Il presidente della società di consulenza Macros Consulting ritiene che gli intermediari non possano restare fuori dal pianeta social e che debbano giocarsi la loro partita. Ecco come.
«Nella distribuzione assicurativa oggi la strada è tracciata: si andrà sempre più verso il pianeta social, restare fuori non è più un’opzione possibile per gli intermediari, questo significa essere presenti e “giocare la propria partita” anche sul web. L’approccio al pianeta social per avere successo deve essere una scelta consapevole per diventare un reale vantaggio per l’attività dell’agente sul territorio e per fidelizzare il cliente». Ne è sicuro Angelo Scarioni (nella foto), presidente di Macros Consulting, società che da più di 25 anni offre consulenza strategica, progetti sulla distribuzione e formazione alle imprese del settore assicurativo e finanziario. Scarioni è intervenuto nel corso di un convegno organizzato da Insurance Connect sul mondo dell’intermediazione assicurativa. Nel corso del suo intervento, basato sul tema l’agenzia multicanale e i social media, si è detto sicuro che il punto fisico, cioè l’agenzia, continuerà a ricoprire un ruolo centrale ed essenziale per il cliente.

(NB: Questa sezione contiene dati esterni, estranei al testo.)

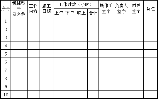 機(jī)械臺(tái)班統(tǒng)計(jì)表

«Oggi i clienti sono sempre più informati sull’offerta assicurativa, sono diventati più consapevoli e particolarmente “volatili”: accedono sempre più attraverso il web e altri canali rispetto a quello tradizionale. Quindi non si tratta più solo di definire una strategia di multicanalità, ma di fornire prodotti assicurativi accessibili anche con diverse modalità», ha affermato Scarioni.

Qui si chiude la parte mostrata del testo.